Georgia doctors are entitled to a little bit of leeway when it comes to making a diagnosis. After all, medicine, despite all of society’s advances in technology, is still an art and, as such, still involves a lot of trial of error.
As such, doctors can sometimes ultimately be proven wrong in making a diagnosis yet still not have to worry about facing a medical malpractice action.
On the other hand, a failure to diagnose a disease promptly or correctly can spell the difference between a full recovery and an early death for a patient. Moreover, patients go to their doctors to get a correct, timely assessment of their medical condition so they can fix it. This is why patients are willing to pay so much for a doctor’s advice.

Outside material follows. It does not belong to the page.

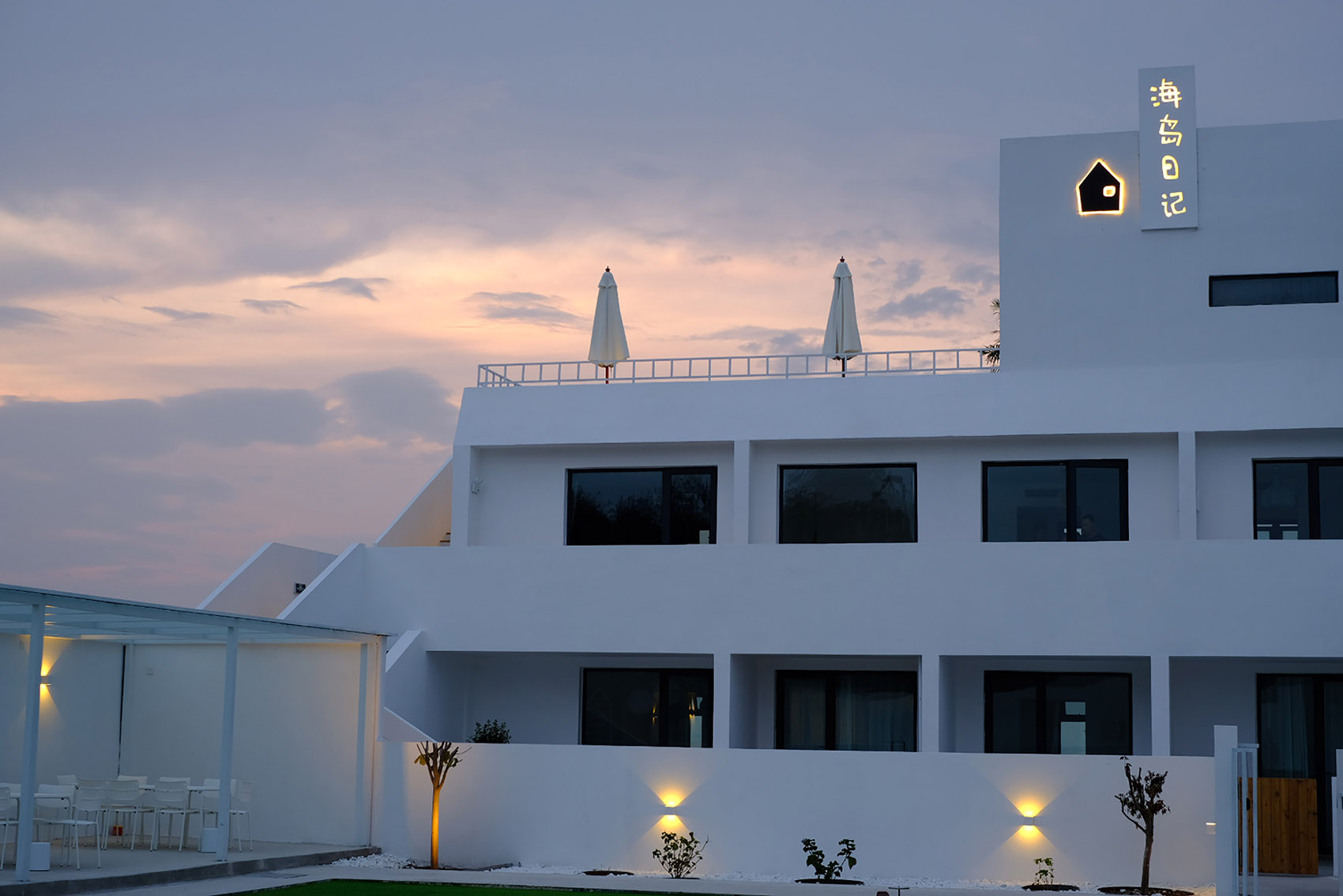海岛日记位于烟台养马岛后海边,烟台是一座临海的丘陵地貌小城,山丘起伏和缓,海岸线蜿蜒绵长。四季分明,春、夏、秋三季蔬果盈盛。冬天白雪皑皑,层云连绵。在这样美好的城市,我们想设计这样一间民宿,在意每一个人的到来,在意自然而然的生活本态,有五味杂陈的人生交响曲,有温情而平淡的生活记录,无论是阳光下,夜空里,蝉鸣时,浪涛中,都可以安然自处,可以容纳身心。

Generally speaking, if a doctor follows the establishes process for diagnosing a condition, the he or she will not have to worry about being found negligent. This process entails the doctor’s assessing a patient’s symptoms and then deciding what conditions could possibly be causing those symptoms.
The doctor is supposed to rank those conditions on the list in order of likelihood. He or she then goes through the conditions, one by one, performing tests until he or she can either rule out or confirm each condition. Eventually, the doctor should find the correct diagnosis using this process.
A doctor will only find himself or herself facing a medical malpractice case in two circumstances. First, if the patient’s condition does not make it on the doctor’s list at all, then the doctor may be found liable for negligence in a lawsuit and thus have to pay compensation if the mistake harmed the patient. Also, there might be negligence if a doctor has the correct condition on the list, but fails to perform enough tests to rule it out before passing over it in favor of other options.